▸ Exercise aim
Exactly the lines below, starting with the one containing "S funkcijom odmrzavanja" and going on through the one containing "Вшиваем сверху молнию", must be reproduced, both ends included, and no pictures with them.
(Dataset content Opens)
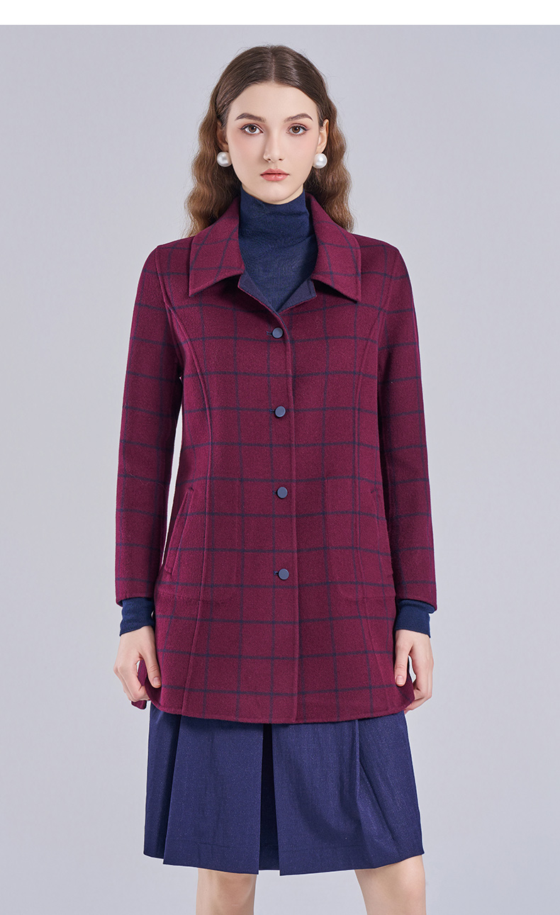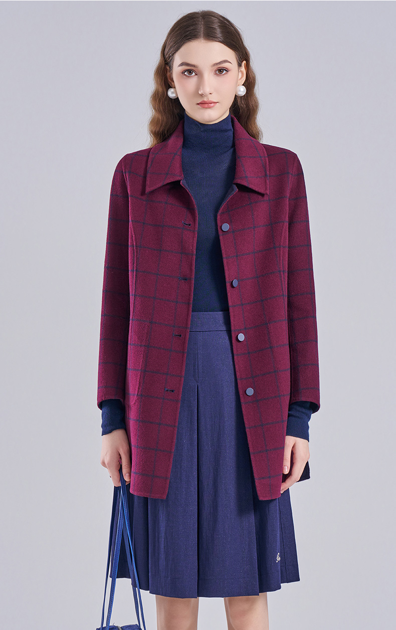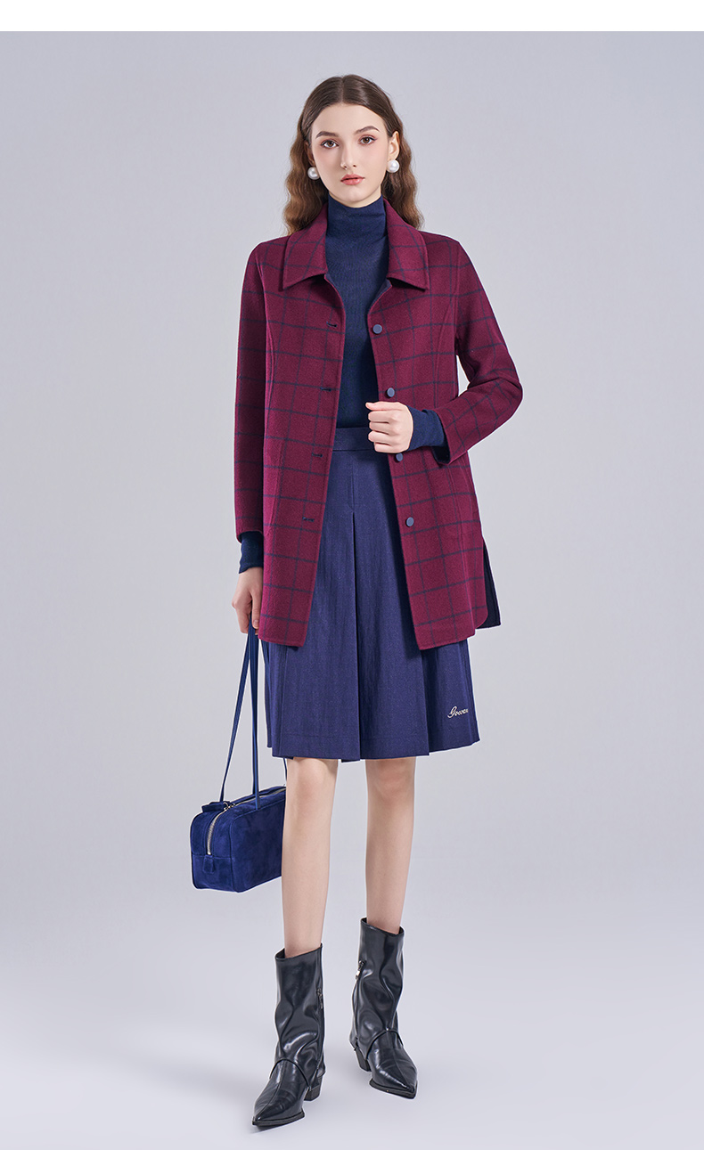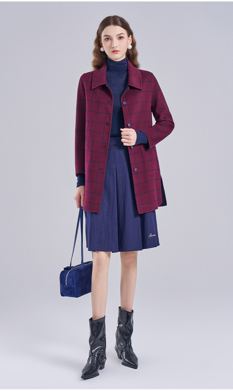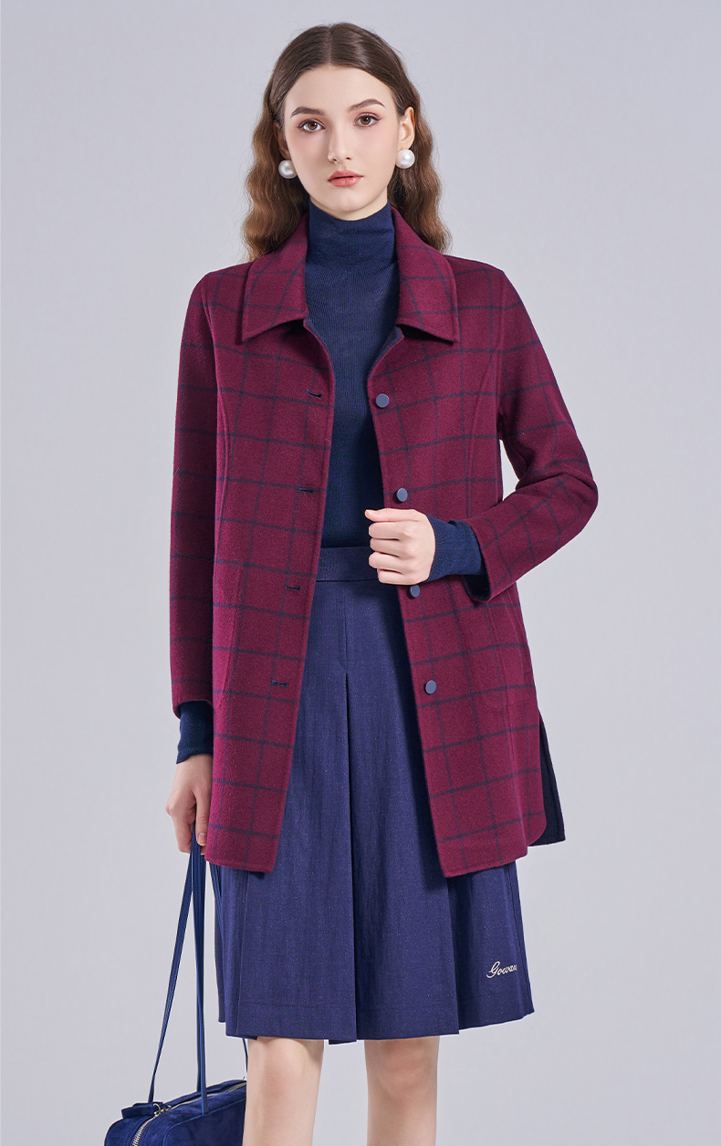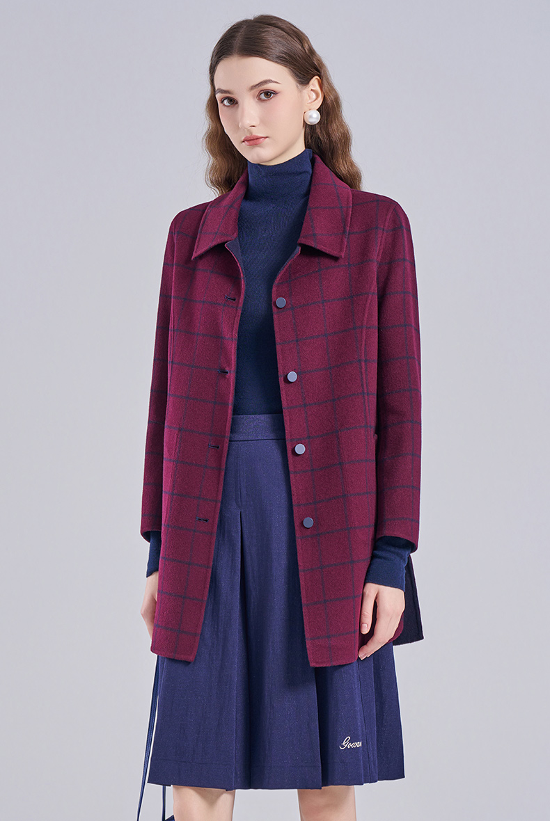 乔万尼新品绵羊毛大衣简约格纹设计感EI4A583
(Dataset content Closes)
(Dataset content Opens)
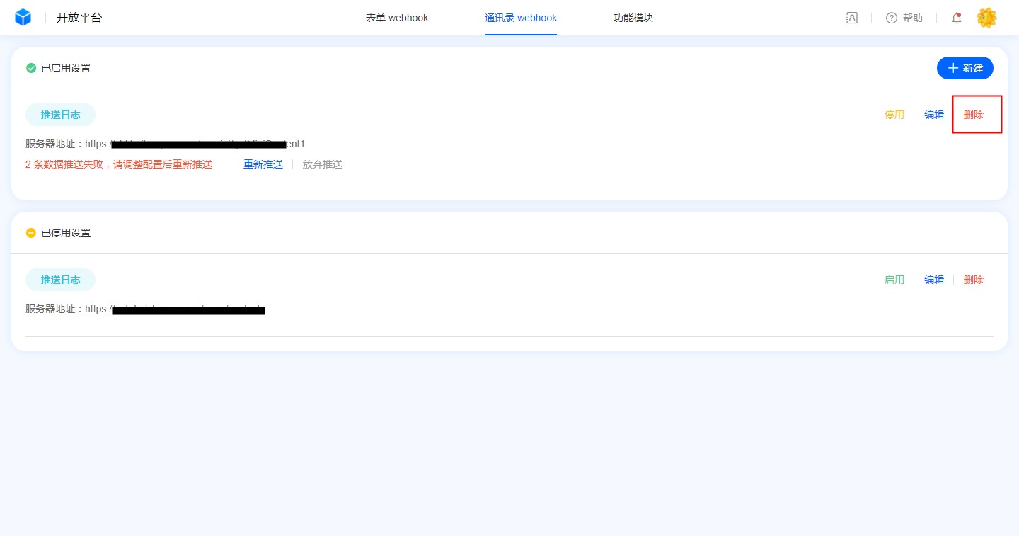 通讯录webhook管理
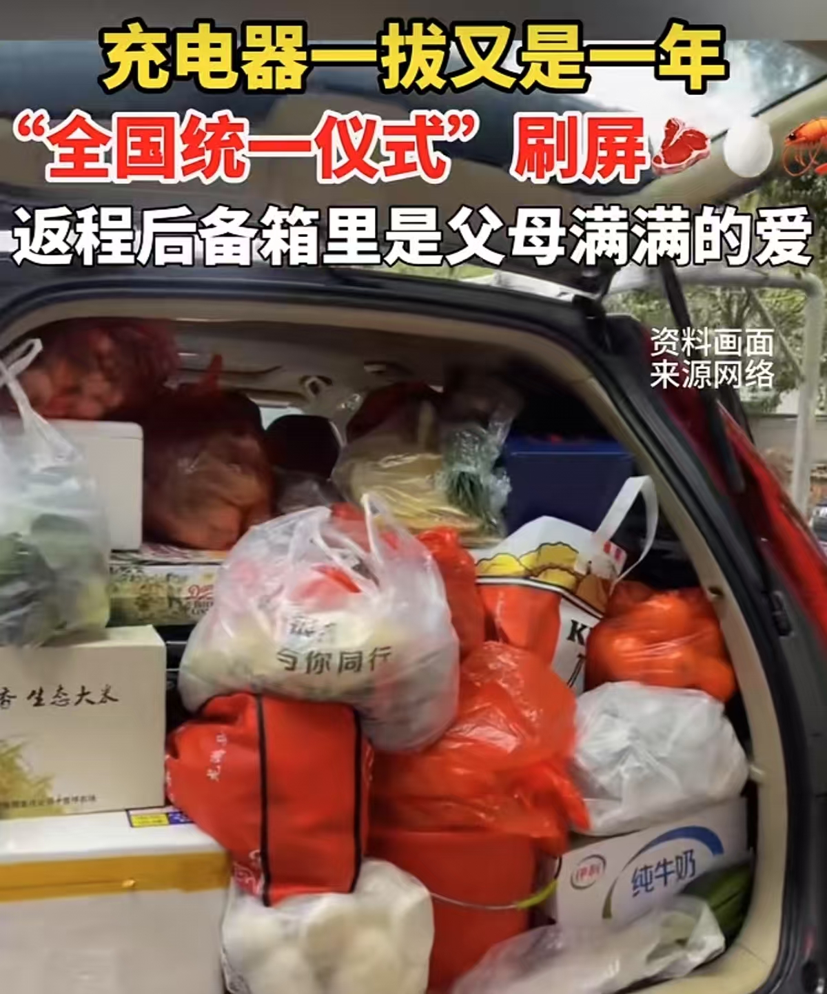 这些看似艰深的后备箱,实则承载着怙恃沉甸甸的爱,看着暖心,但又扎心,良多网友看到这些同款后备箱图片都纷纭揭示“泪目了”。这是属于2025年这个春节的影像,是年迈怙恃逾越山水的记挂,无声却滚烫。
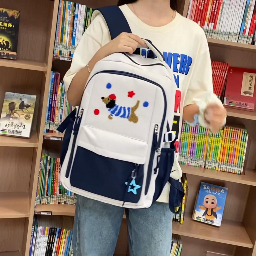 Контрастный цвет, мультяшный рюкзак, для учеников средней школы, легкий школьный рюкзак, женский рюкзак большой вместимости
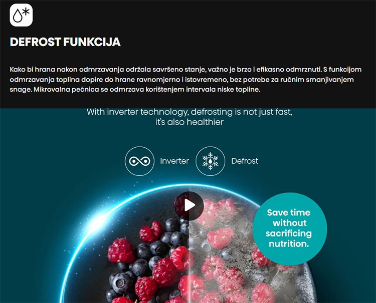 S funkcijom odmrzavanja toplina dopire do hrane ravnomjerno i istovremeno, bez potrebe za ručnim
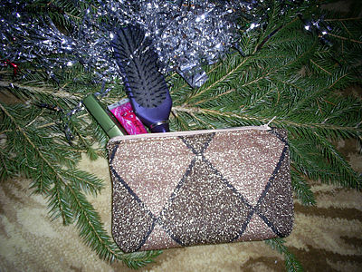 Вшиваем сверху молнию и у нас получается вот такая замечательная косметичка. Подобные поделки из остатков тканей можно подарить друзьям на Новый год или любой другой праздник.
(Dataset content Closes)
▸ Solution to this problem
 S funkcijom odmrzavanja toplina dopire do hrane ravnomjerno i istovremeno, bez potrebe za ručnim
 Вшиваем сверху молнию и у нас получается вот такая замечательная косметичка. Подобные поделки из остатков тканей можно подарить друзьям на Новый год или любой другой праздник.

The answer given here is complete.